Items listed in a dataset:
+++++
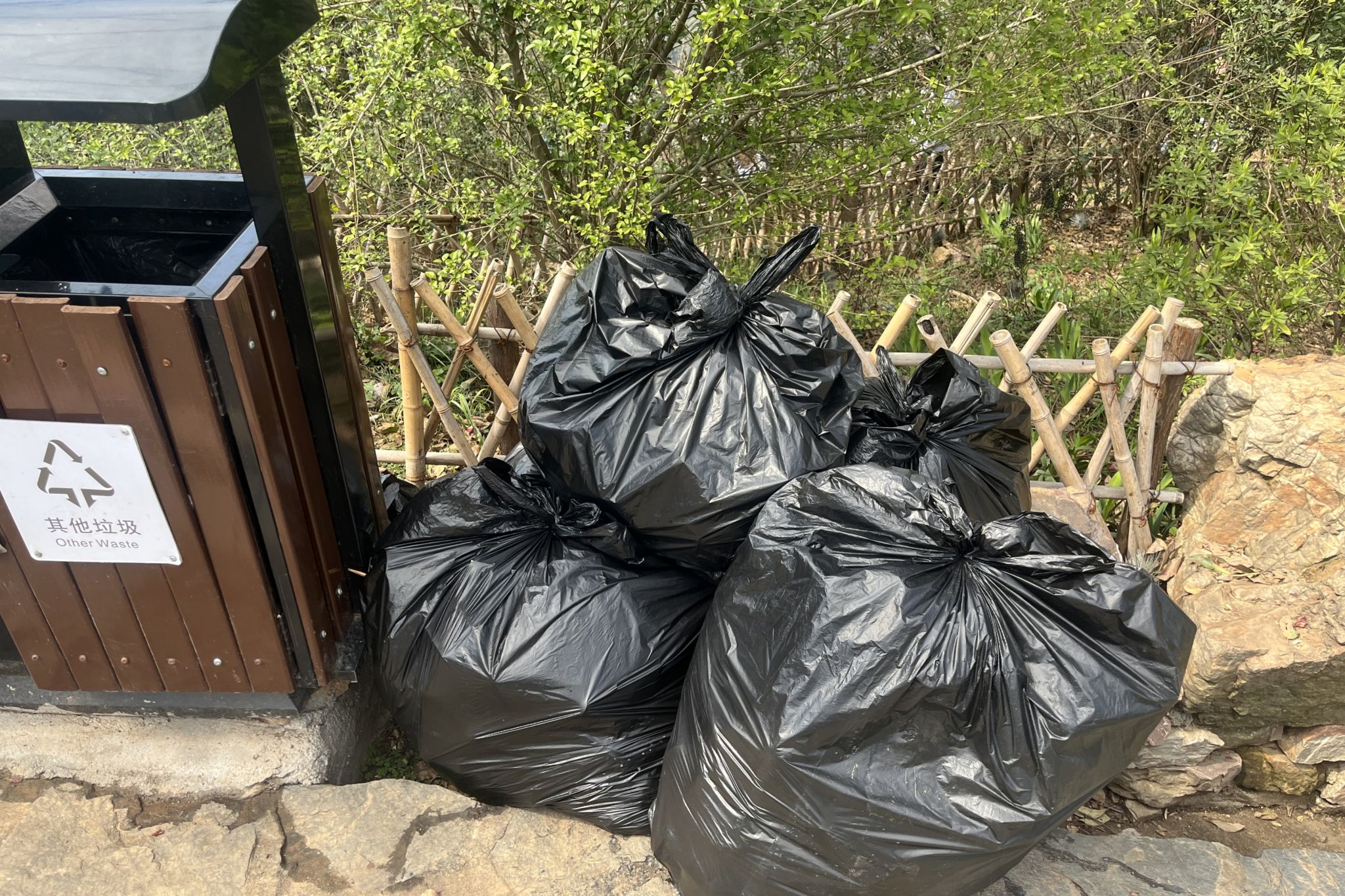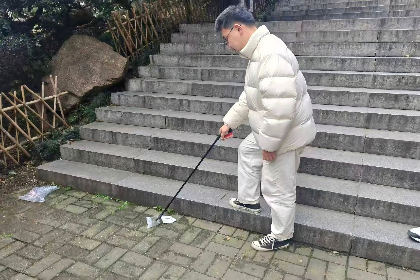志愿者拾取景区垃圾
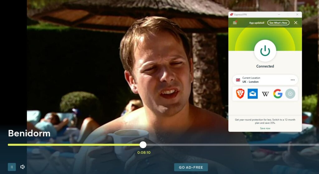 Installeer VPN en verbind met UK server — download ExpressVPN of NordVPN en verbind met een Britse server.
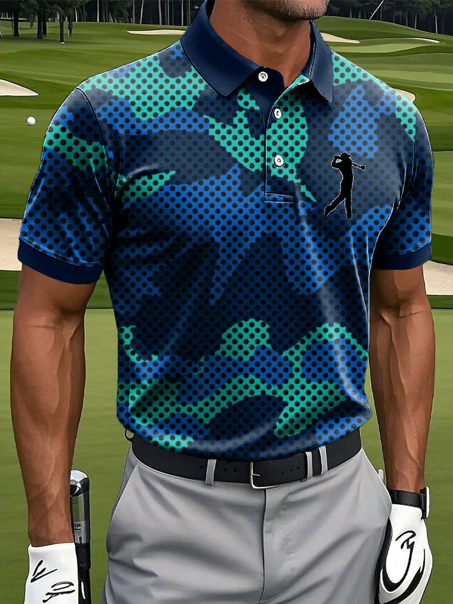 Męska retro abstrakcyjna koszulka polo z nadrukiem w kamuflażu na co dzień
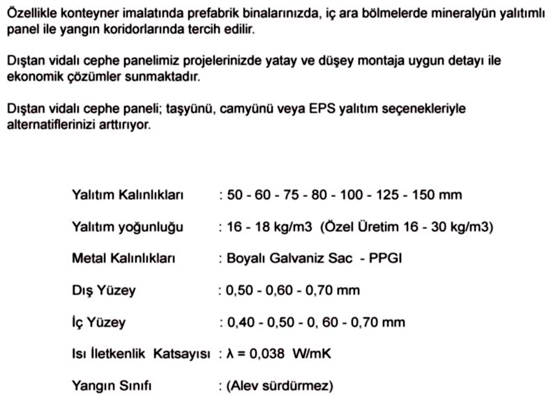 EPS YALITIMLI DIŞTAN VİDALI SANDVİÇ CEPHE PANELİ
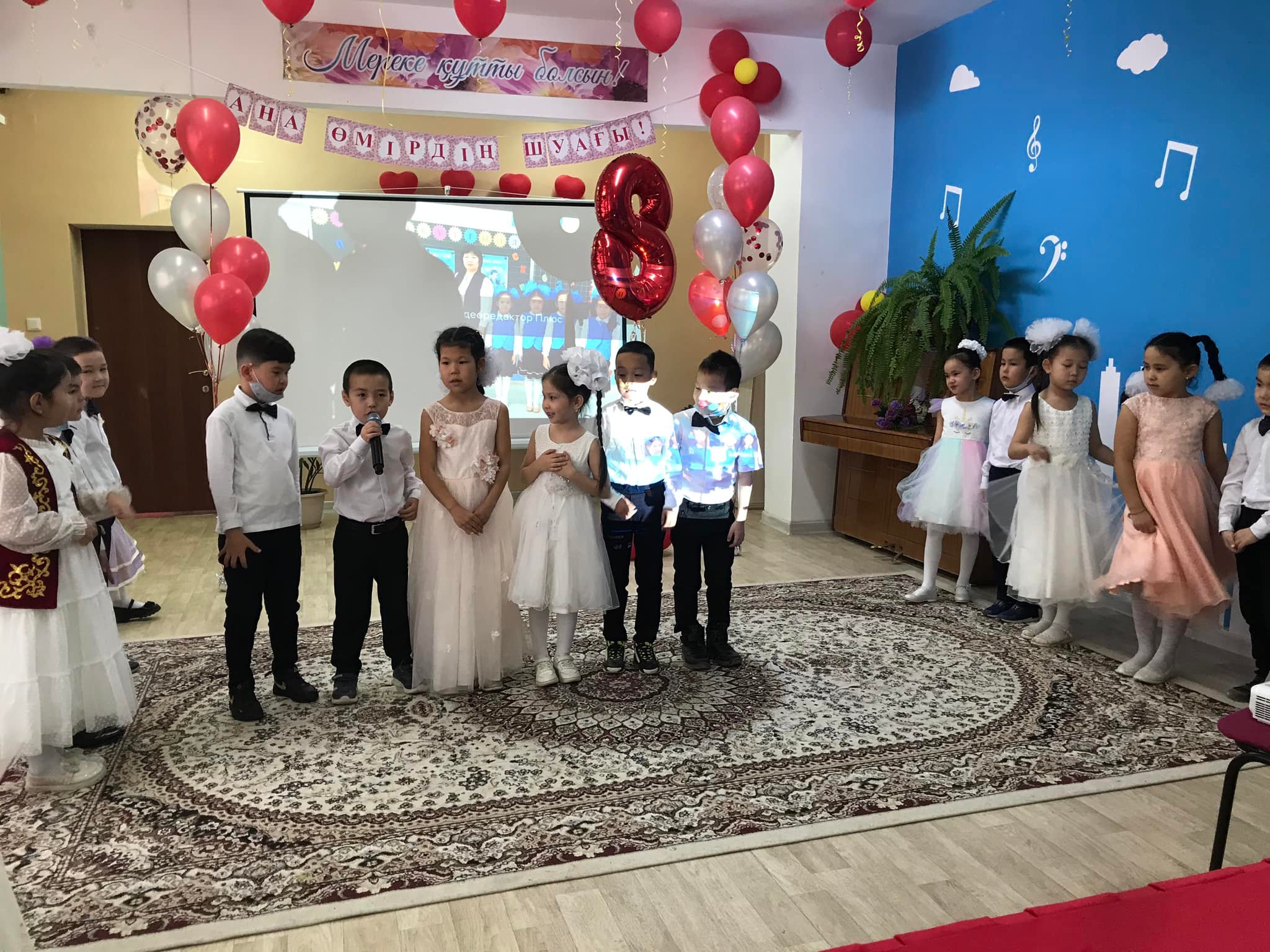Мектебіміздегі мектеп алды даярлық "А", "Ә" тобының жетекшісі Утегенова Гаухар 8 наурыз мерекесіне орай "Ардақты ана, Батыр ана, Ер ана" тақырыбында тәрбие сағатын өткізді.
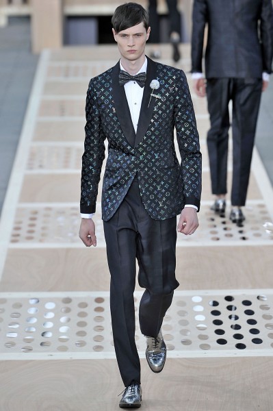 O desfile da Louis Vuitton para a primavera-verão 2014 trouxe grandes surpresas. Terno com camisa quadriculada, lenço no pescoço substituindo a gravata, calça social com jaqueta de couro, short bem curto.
+++++
Nothing but the pictures is to be left out; repeat the data exactly.

志愿者拾取景区垃圾
 Installeer VPN en verbind met UK server — download ExpressVPN of NordVPN en verbind met een Britse server.
 Męska retro abstrakcyjna koszulka polo z nadrukiem w kamuflażu na co dzień
 EPS YALITIMLI DIŞTAN VİDALI SANDVİÇ CEPHE PANELİ
Мектебіміздегі мектеп алды даярлық "А", "Ә" тобының жетекшісі Утегенова Гаухар 8 наурыз мерекесіне орай "Ардақты ана, Батыр ана, Ер ана" тақырыбында тәрбие сағатын өткізді.
 O desfile da Louis Vuitton para a primavera-verão 2014 trouxe grandes surpresas. Terno com camisa quadriculada, lenço no pescoço substituindo a gravata, calça social com jaqueta de couro, short bem curto.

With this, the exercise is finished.